### TASK REQUIREMENTS
Give the listing again word for word. Leave every image out.

### DATA BELOW
---

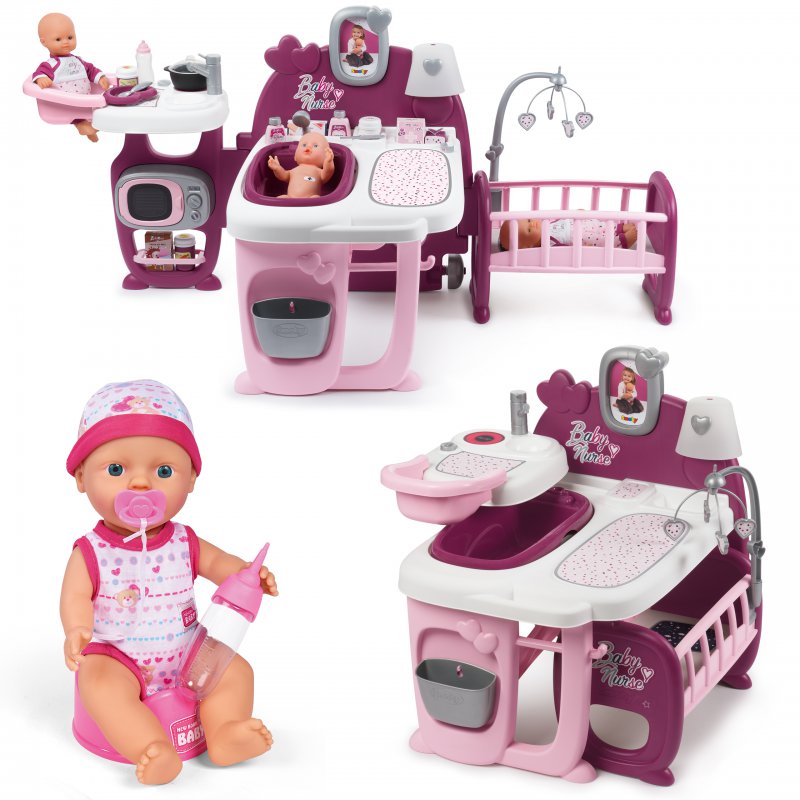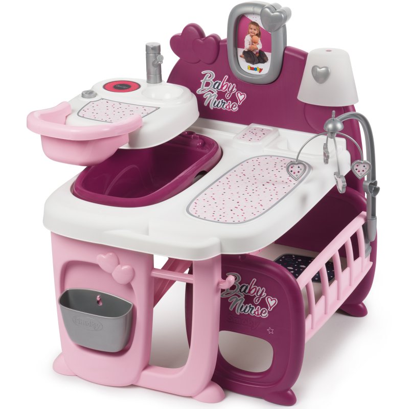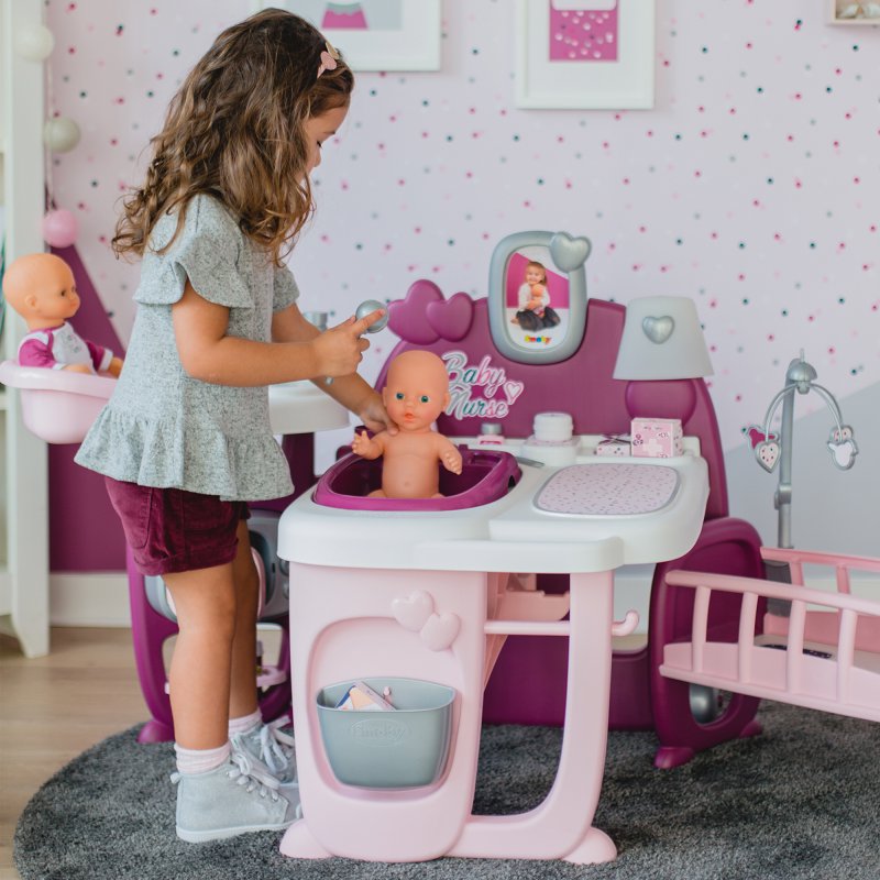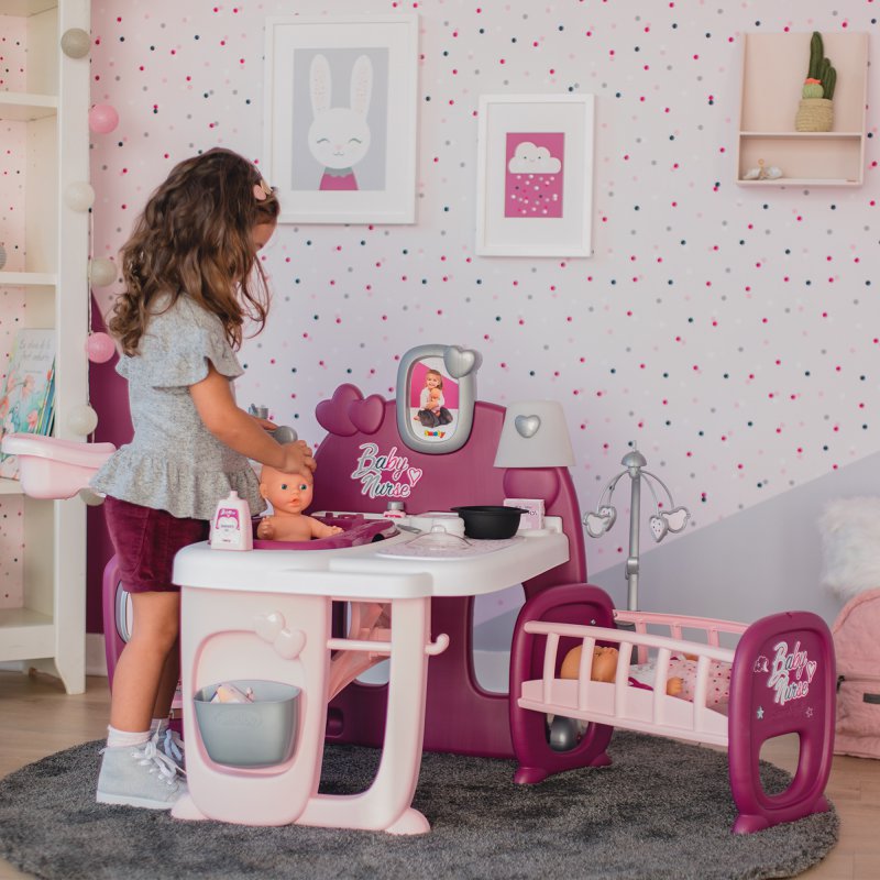Centrum opiekunki z kołyską duży zestaw przeznaczony dla lalki 42 cm renomowanego francuskiego producenta zabawek dla dzieci firmy Smoby. Kącik tematyczny z serii Baby Nurse do przedszkola lub dla małej opiekunki od lat 3.
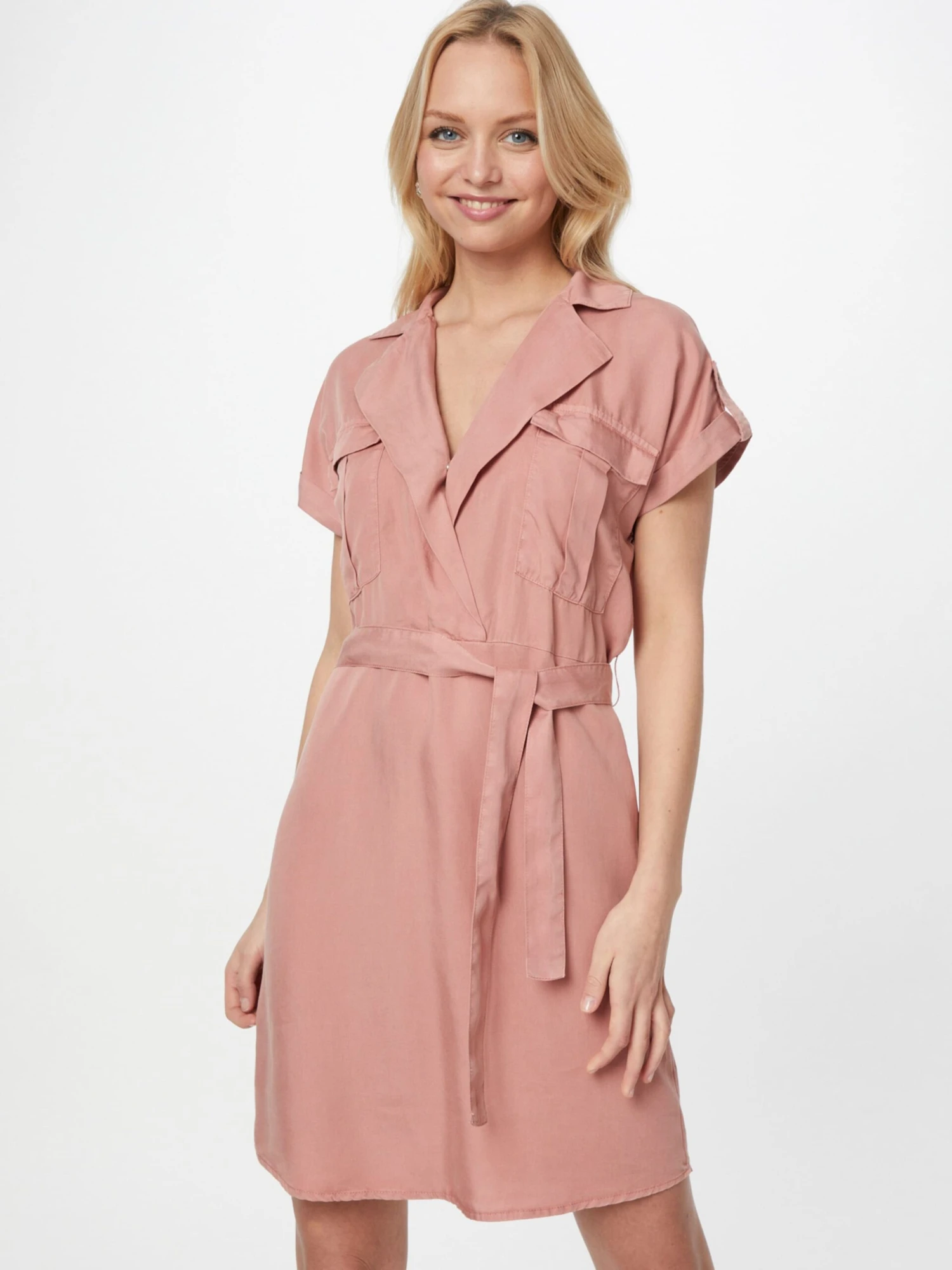EffenLyocellWikkel designGevoerde zoom/randRevers kraagOm te knopen/bindenTailleriemRoll-up mouwenGladde stofLichte stofRiemlussenDrukknoopTENCEL™ Lyocell*
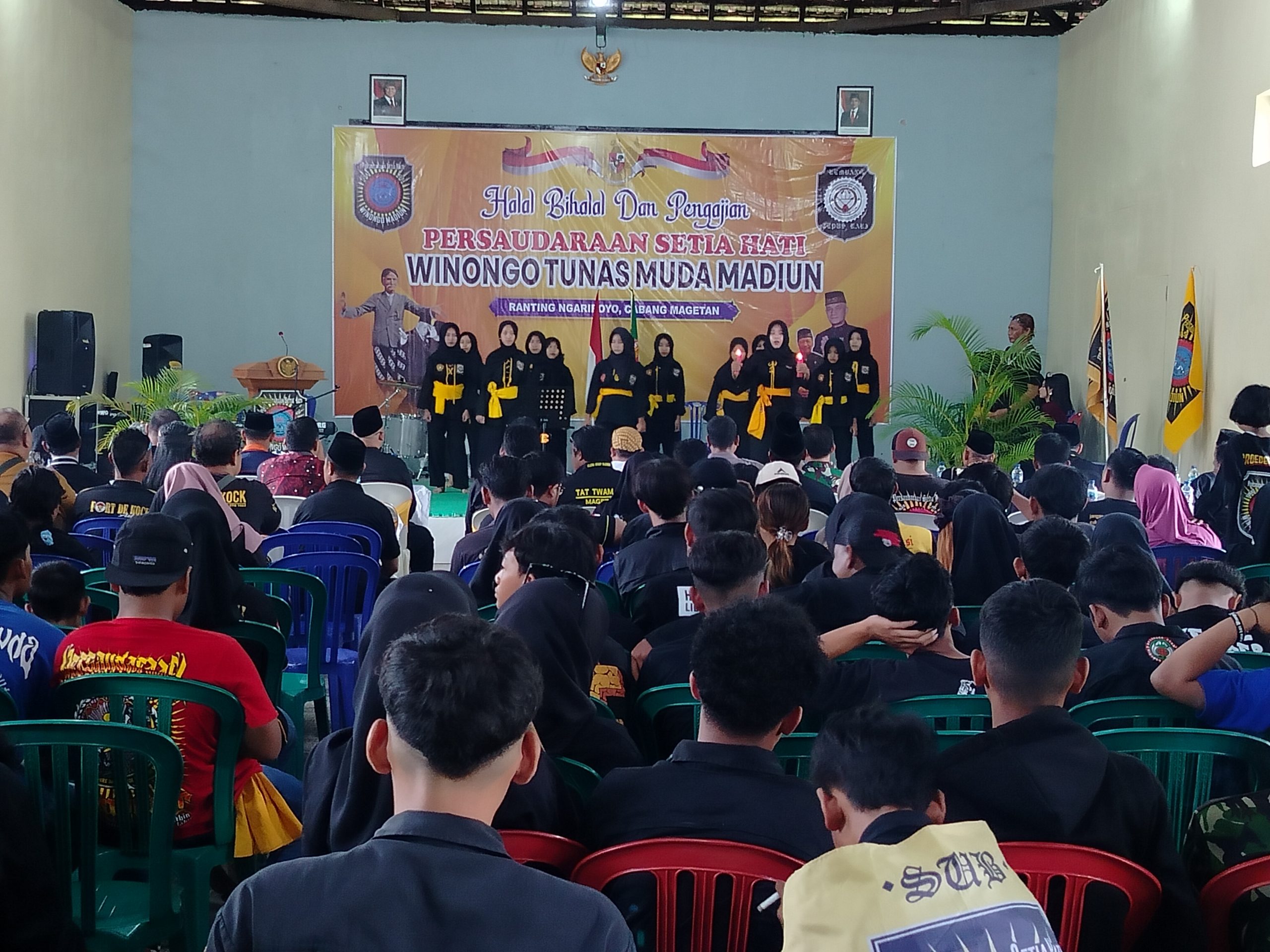 MAGETAN (Lensamagetan.com) – Dengan suasana penuh kehangatan dan kebersamaan pasca Hari Raya Idul Fitri, Persaudaraan Setia Hati Winongo Tunas Muda (PSHWTM) Ranting Ngariboyo, Cabang Magetan menggelar acara halal bihalal dan pengajian yang berlangsung di Balai Pertemuan Desa Ngariboyo, Minggu (20/4/2025).

---

### TASK OUTPUT
Centrum opiekunki z kołyską duży zestaw przeznaczony dla lalki 42 cm renomowanego francuskiego producenta zabawek dla dzieci firmy Smoby. Kącik tematyczny z serii Baby Nurse do przedszkola lub dla małej opiekunki od lat 3.
EffenLyocellWikkel designGevoerde zoom/randRevers kraagOm te knopen/bindenTailleriemRoll-up mouwenGladde stofLichte stofRiemlussenDrukknoopTENCEL™ Lyocell*
 MAGETAN (Lensamagetan.com) – Dengan suasana penuh kehangatan dan kebersamaan pasca Hari Raya Idul Fitri, Persaudaraan Setia Hati Winongo Tunas Muda (PSHWTM) Ranting Ngariboyo, Cabang Magetan menggelar acara halal bihalal dan pengajian yang berlangsung di Balai Pertemuan Desa Ngariboyo, Minggu (20/4/2025).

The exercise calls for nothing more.